By the time they levelled out again, McKiernan had drifted back to sixth place and now, barring a little miracle, there was no way back for her. But even as she fell off the pace, so Radcliffe took on the Ethiopians in a finish of captivating grandeur.

Against most expectations, she broke the defending champion Wami with 220 metres to go but then, with the hard work apparently done, she couldn't cope with the renewed challenge of Tulu and was passed on the run to the line.

"When I got ahead of Wami, I thought to myself: `Hey, I'm going to be the first to win the junior and senior titles at these championships'," she recounted. "But soon, very soon, I knew there was more work to be done and when Tulu arrived on my shoulder, I sensed she would be too strong.

"I was in good shape - as was Catherina McKiernan. But this championship has improved in standard to the point where you have to be running superbly to get into the top 10, let alone win it."
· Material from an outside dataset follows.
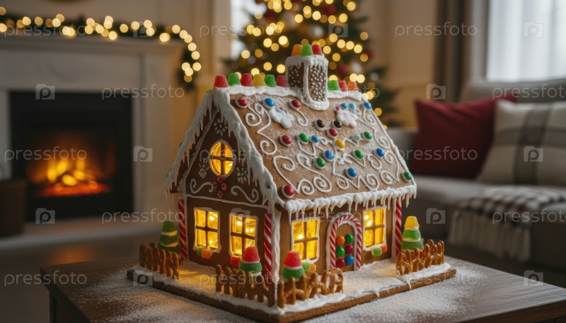 Дом из пряников загорелся в уютной комнате, захватывая праздничный дух и традицию праздничного ремесла во время зимних торжеств
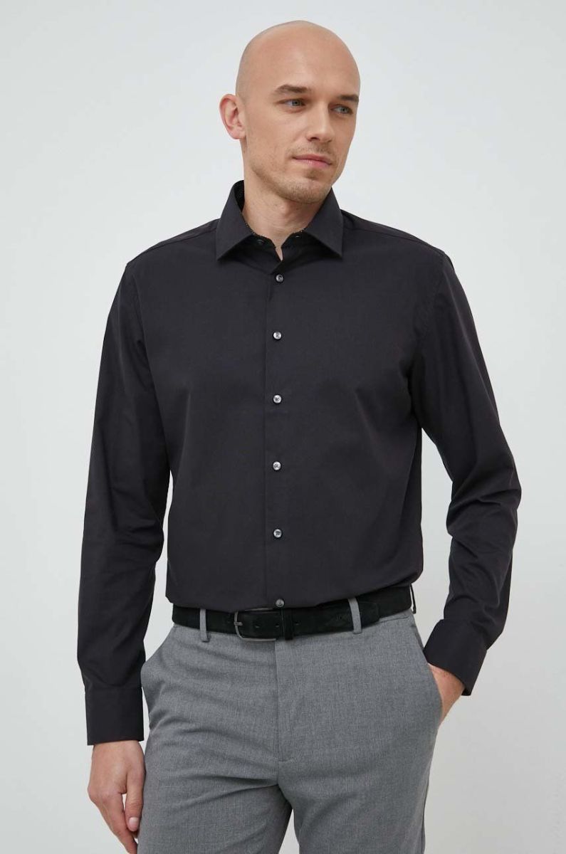Бавовняна сорочка Seidensticker чоловіча колір чорний slim класичний комір (2978617)

Behind the leading group, Valerie Vaughan and Una English worked away diligently to escape from the mid 30s and to get themselves into a position from which Ireland was able to secure the team bronze medal. The other two members of the team did not have their placings taken into account. Maureen Harrington finished 108th and Pauline Curley 117th.

The Irish performance confounded the British team manager, Dave Clarke, who had a £100 bet with an official that his team would finish ahead of the Irish.

Ethiopia took the senior women's team prize, thus denying Kenya the supreme fulfilment of winning all eighty titles on offer.

African runners dominated men's senior race with such authority yesterday that the leading European born runner, Julio Rey of Spain, had to settle for 9th place. Five places further back was the Briton, Jon Brown, who had done all the right things in the approach to the championships but still found himself comprehensively beaten by the Africans on the day it mattered most.

Up front, Paul Tergat of Kenya, winner in 1995 and again last year, appeared to be destined for the indignity of a rare cross country defeat when headed on the final circuit by the world 10,000 metres record holder, Salah Hissou of Morocco.

But Hissou's supporters reckoned without the grit of the champion, who braced himself for the counter charge with 800 metres to go and delivered so abundantly that the Moroccan, for all his talent, was irreparably broken.

After making fluent progress in the second third of the race, Seamus Power from Clare slipped to 49th place, still a fine placing, but Tom McGrath, unable to find anything extra in the urgency of it all, could finish no higher than 129th.

Maria Lynch was in 107th place, the same number as that on her back, in the junior women's race, won by Kenya's Rose Koskei, and Gareth Tumbull of Belfast was 52nd behind another Kenyan, Elijah Korir, in the junior men's event.